その表情は慈愛に満ちているような穏やかな笑みを浮かべており、彼女は本当に闇の書の闇なのかと、先程までとは違う疑問が局員の中に広まってゆく。

 

「青い果実もまた美味ですが、赤く熟した果実を味わえる日が待ち遠しいです」

 

だが、そんな局員達の思いは、次の彼女の言葉によって覆される。

 

確かに彼女は、かつてと違い感情と自我を持っている。人に対する想いを持っている。

それでも、破壊と混沌の衝動という本質は変わっていない。

 

彼女にとっての慈愛とは、かわいがり大切にする事ではない。対象を己の力で蹂躙して屈服させる事。

 

自身もベクトルが違うと言っていた通り、真逆なのだ。

今魔導師達を解放するのも、成長した彼女達を再び屈服させたいからだ。

 

彼女は歪んでいない。真っ直ぐだ。ただ向きが世間一般のそれとは逆なだけ。

故に彼女は純粋に微笑む。他の皆が悪と呼ぶ感情を抱きながら。

 

「それではまず、彼女達の解放の対価として、ここに居る全員のリンカーコアを頂きましょう」

 

彼女はなのはとフェイトに向けていた笑みを消して常の淡々とした表情に戻すと同時に、周囲に取り込んでいた魔導師達のデバイスを再現した闇の欠片達を展開する。

 

――蹂躙劇が幕を上げだ。

 

 

 

 

 

その後、様々な次元世界を渡り歩き、世に破壊を齎し、怨嗟の声を響かせるために力を振るう彼女の姿があった。

ただ、彼女が攻撃対象と選ぶのは紛争を行う戦場や、管理局のような上層部に繋ぎを持つ事で捕縛を逃れながら悪事で私腹を肥やす人物。

 

彼女は正義を行使しているわけではない。
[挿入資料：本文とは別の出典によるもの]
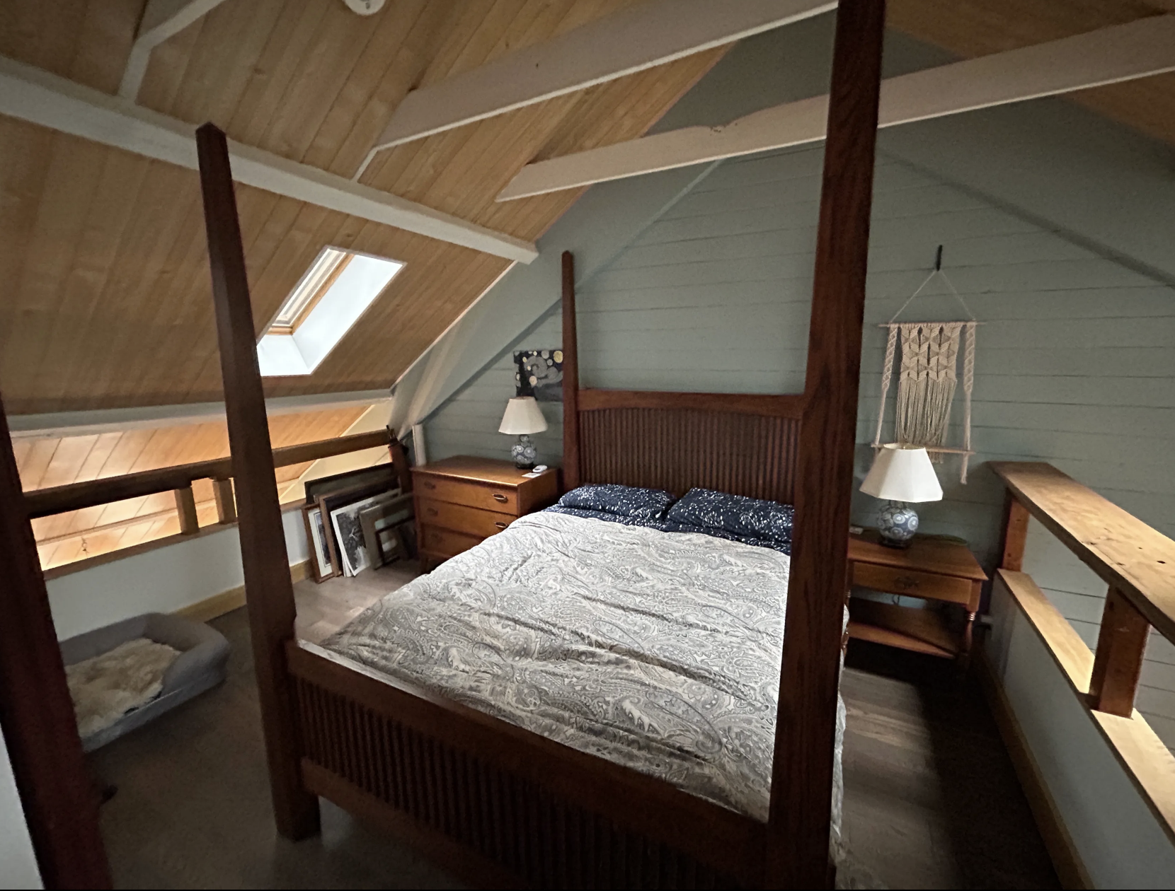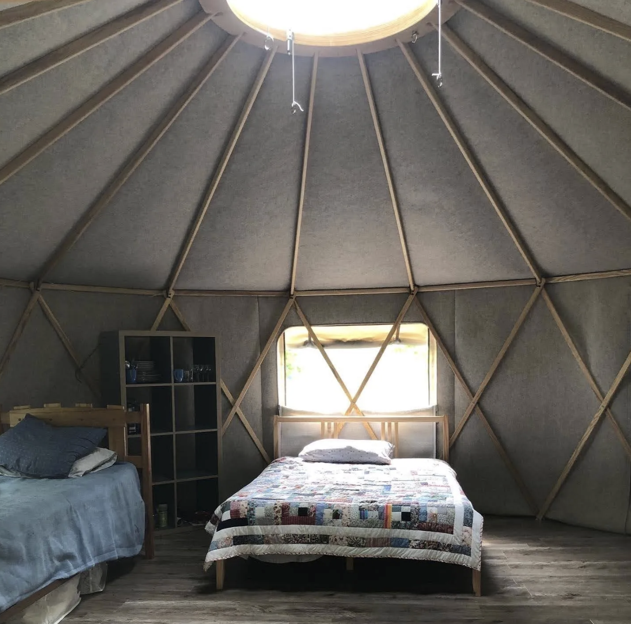 In addition to the bedrooms in the mill, there is also a private yurt available for two guests. The yurt is a spacious 225 square feet, featuring three large windows and a central dome skylight that fills the space with natural light.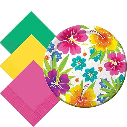 Aloha Party Supplies Hawaiian Luau Tropical Flamingo Tableware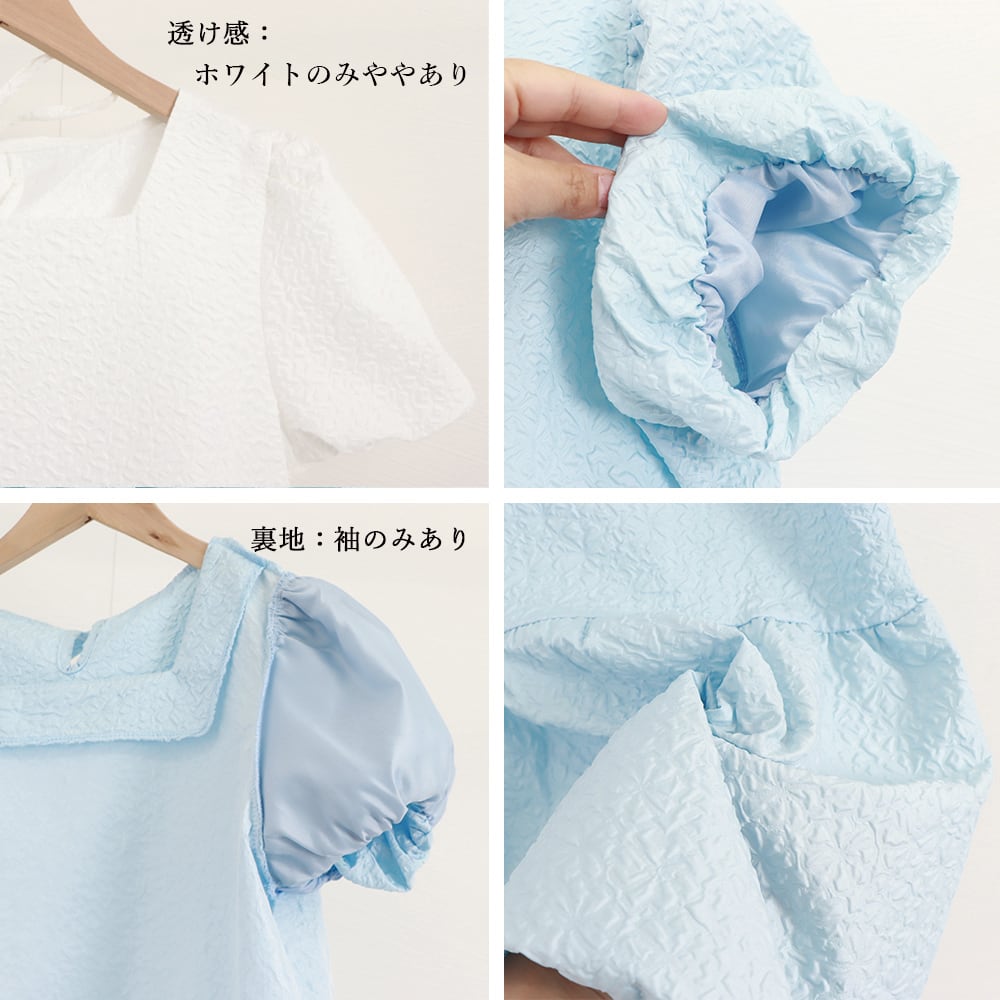 レディース きれいめ 半袖フレアブラウス パフスリーブ ぽこぽこトップス春夏 無地バックリボン上品ブラウス 通勤おしゃれ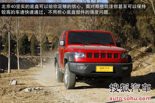 而在之后的越野場(chǎng)地測(cè)試中,我們將會(huì)經(jīng)歷駝峰路、炮彈坑以及側(cè)傾路等項(xiàng)目,為了看看車輛的實(shí)力,首先我們嘗試著采用兩驅(qū)模式,在純后驅(qū)模式下,這些科目基本不會(huì)對(duì)北京40造成威脅,當(dāng)然這也要得益于其強(qiáng)大的接近角、離去角以及較高的底盤。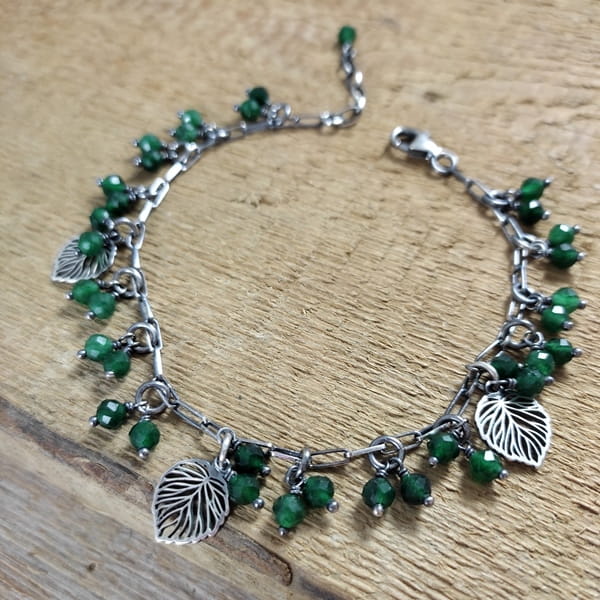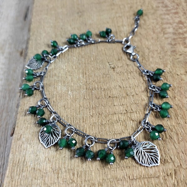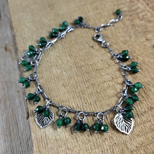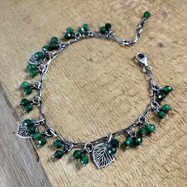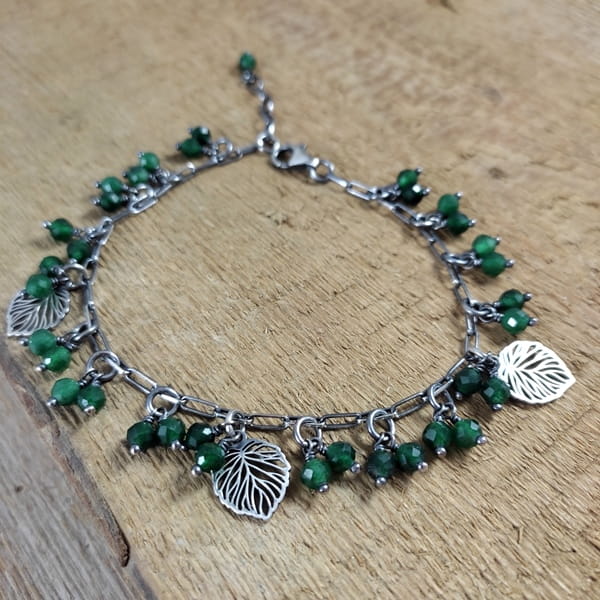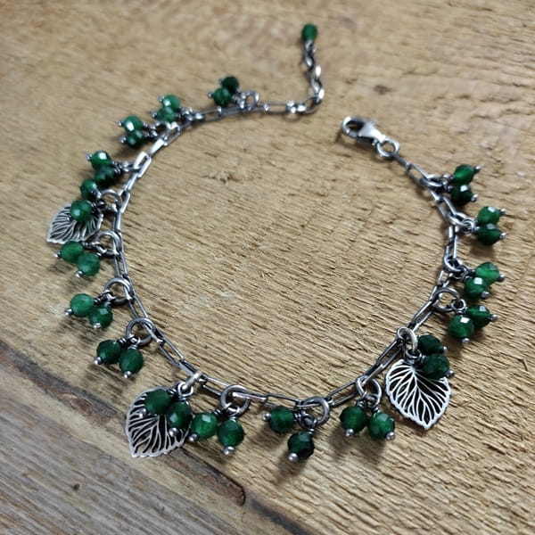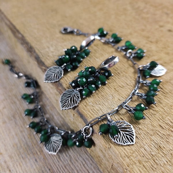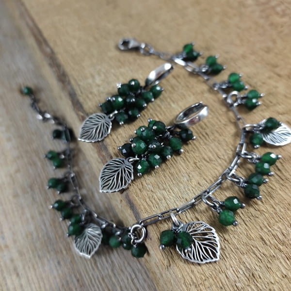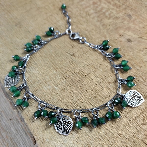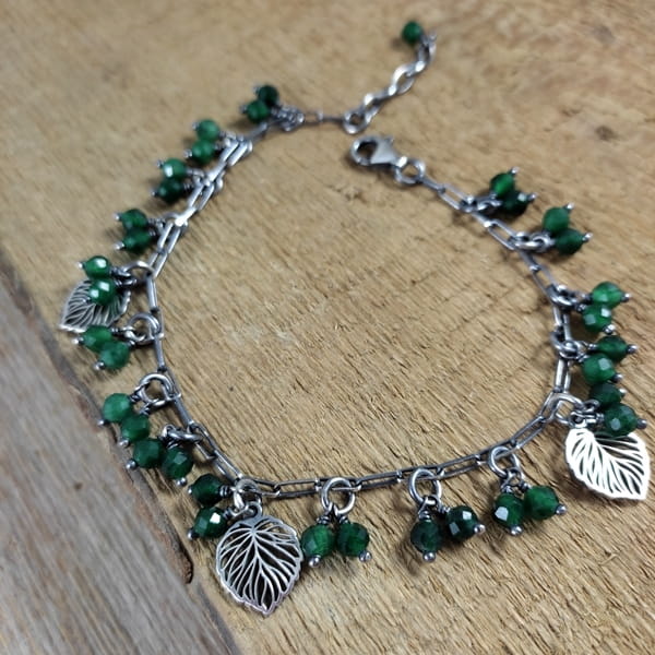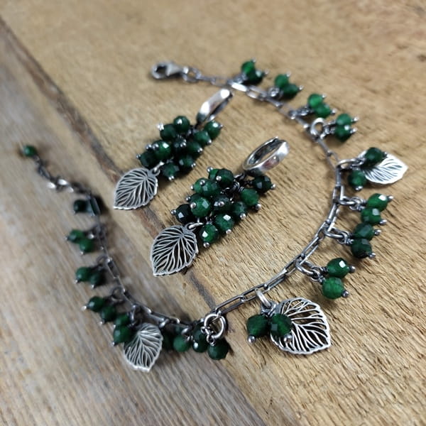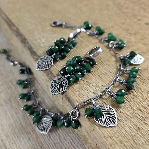 Bransoletka wykonana z fasetowanych kul jadeitu ok. 4 mm. Całość dopełniona srebrem 925, oksydowanym i wypolerowanym.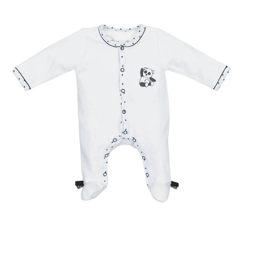 Pyjama bébé velours blanc panda chao chao naissance ouverture devant
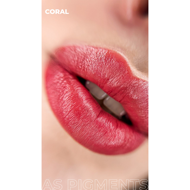 Concentrato rosa-arancio brillante. Perfetto per donne con capelli scuri, occhi verdi o lentiggini. Miscelabile con qualsiasi pigmento labbra tranne Juicy Peach. -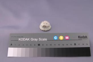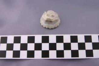 DescriptionCircular button is rounded and carved as a lions head on one side and concave on the other side. Edge is scalloped with an incised curl. There are 3 small perforations on the edge and perforations through the lions mouthStatus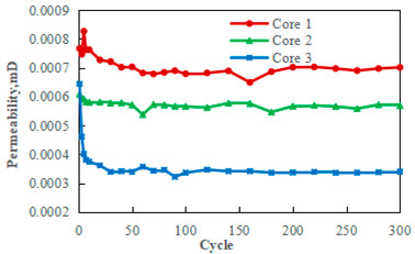 By fitting the experimental data of core 3 using the power function on permeability under multi-period injection and production alternating stress, a quantitative relationship between formation permeability and cycles was established, providing essential data for evaluating the effectiveness of injection and production processes. This equation was applicable for describing the variation of permeability within the same reservoir.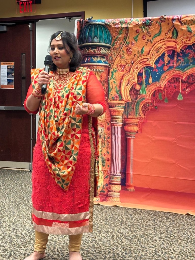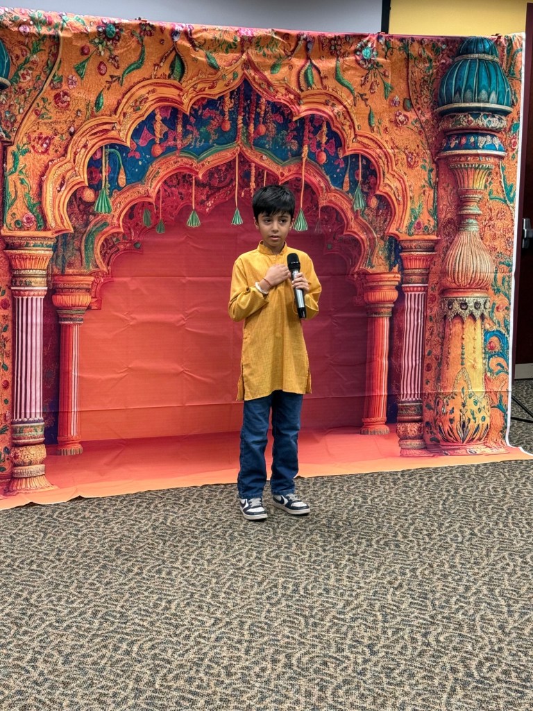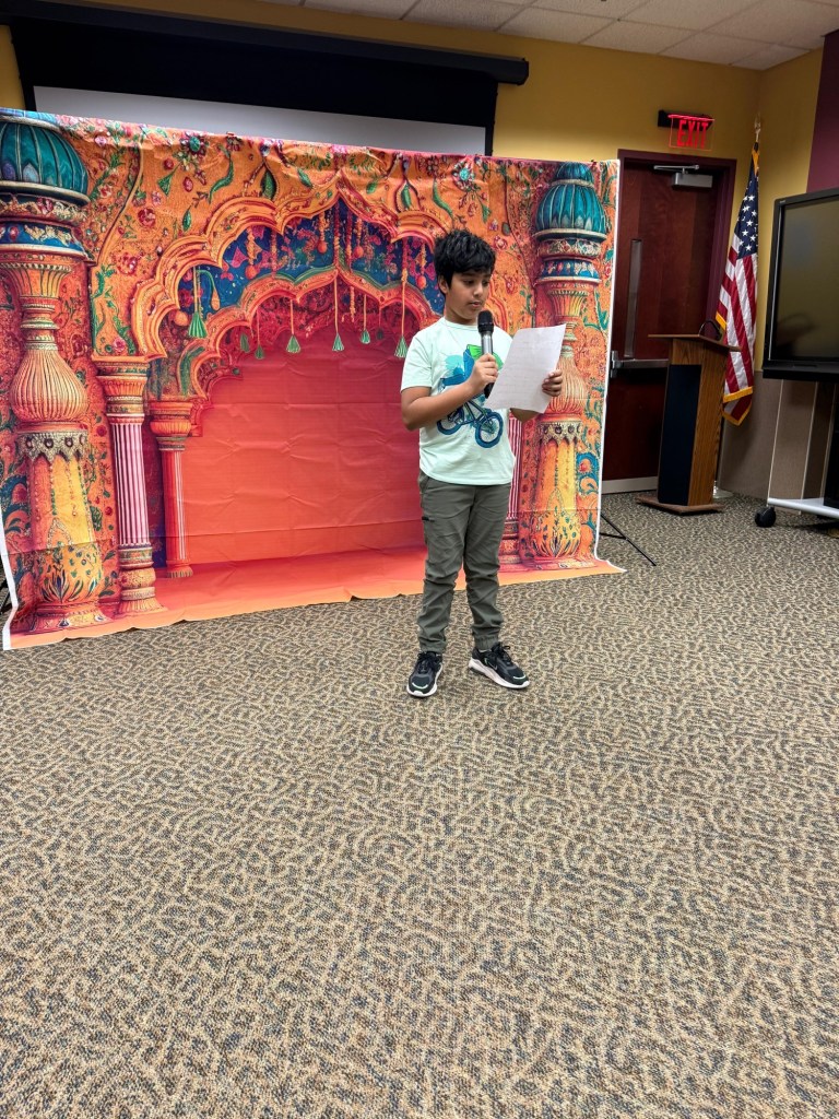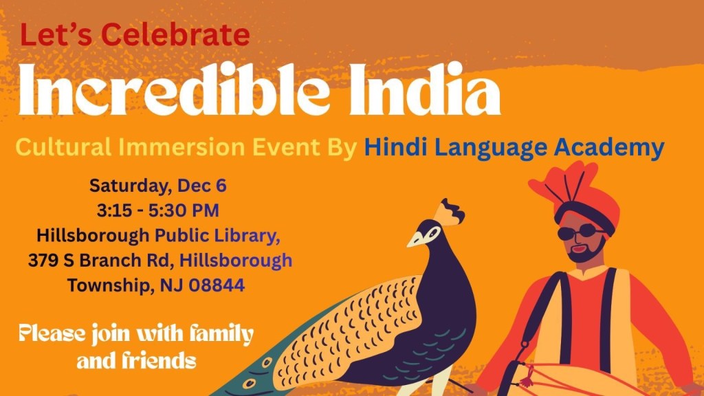 The culturally rich, cozy, and vibrant program “Incredible India” was held on Saturday, December 6, 2025, at the Hillsborough Public Library, and was beautifully organized by the HLA team. The event was led by the ever-energetic Rubina Nagarkatti and supported wholeheartedly—directly and indirectly—by the entire HLA family: Mamta Tripathi Ji, Manju Gupta Ji, Garima Agarwal, Renu Hooda, Deepika Singh, Gitanjali Gupta, Sangeeta Jain, Vinita Devangan, Mayuri Raman, Nishant Nayan, Parinitha Panakanthi, Soma Vyas, and our wonderful teaching assistant Shloka Harish. The event stood as a true testament to teamwork and collaboration.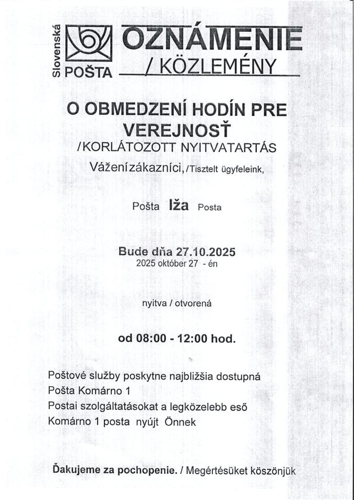 oznámenie Pošta Iža - obmedzenie hodín pre verejnosť 27.10.2025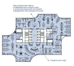 Офисные этажи с 18 по 23 этажи. Площадь типового этажа - 1640 м2.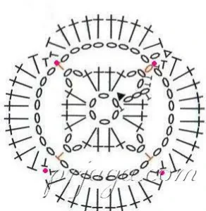 Round1:ch 4, beg edccl, ch 3, *edccl, ch 3; rep from * twice more, join to top of ch4 with sl st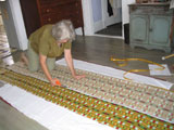 Don't get dizzy. This is Patty measuring and cutting the lengthwise edge. |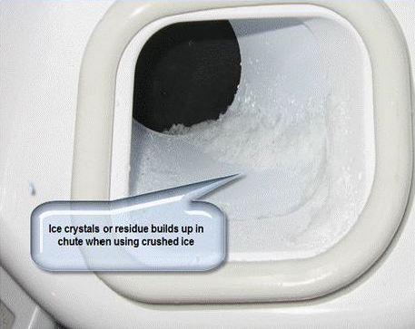 - When your fridge dispenses crushed ice, there may be a residual amount of ice pieces remaining in the cutting blades, in the ice bucket, and in the ice chute path.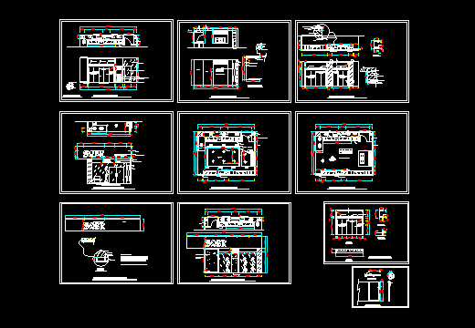 图纸摘要:服务台43正视图、服务台44正视图、剖视图、服务台48上视图、剖视图等。...

ただ、彼女からすれば誰を襲おうとも大差はないのだから、手間を省くために管理局の介入し辛い場所を狙っていただけだ。

 

そんな彼女に、何時の頃からか呼ばれる名があった。

行使する魔法が煌めく星のように見える事と、その圧倒的な火力により蹂躙する姿がその由来。

逢えば終焉を齎されるという畏怖と、その強さへの憧憬の念を込めてこう呼ばれる。

 

『星光の殲滅者』

 

その名は広く次元世界に知れ渡る事になる。

 

 

「明けぬ夜はありませんが、訪れぬ夜もありません。宵の明星が瞬くいつかのその時に、再び相まみえましょう」

 

 

 

END

 

 




魔法少女リリカルなのはA’sポータブル。星光の殲滅者シナリオ完結です。

ゲーム1作目時点では『星光の殲滅者』あるいは『マテリアル-D』の名はあっても『シュテル』の呼び名はまだ無かったので、地の文での呼称にはとても困りました。
とりあえず、主人公である星光の殲滅者は『彼女』に固定して、雷刃の襲撃者の呼び方はは彼女だと被るから『少女』にして、闇統べる王は『王』としてみた。
……いや、マテリアルズがほぼコンパチキャラな状況でここまで書いたのは我ながら当時の思考回路が謎です。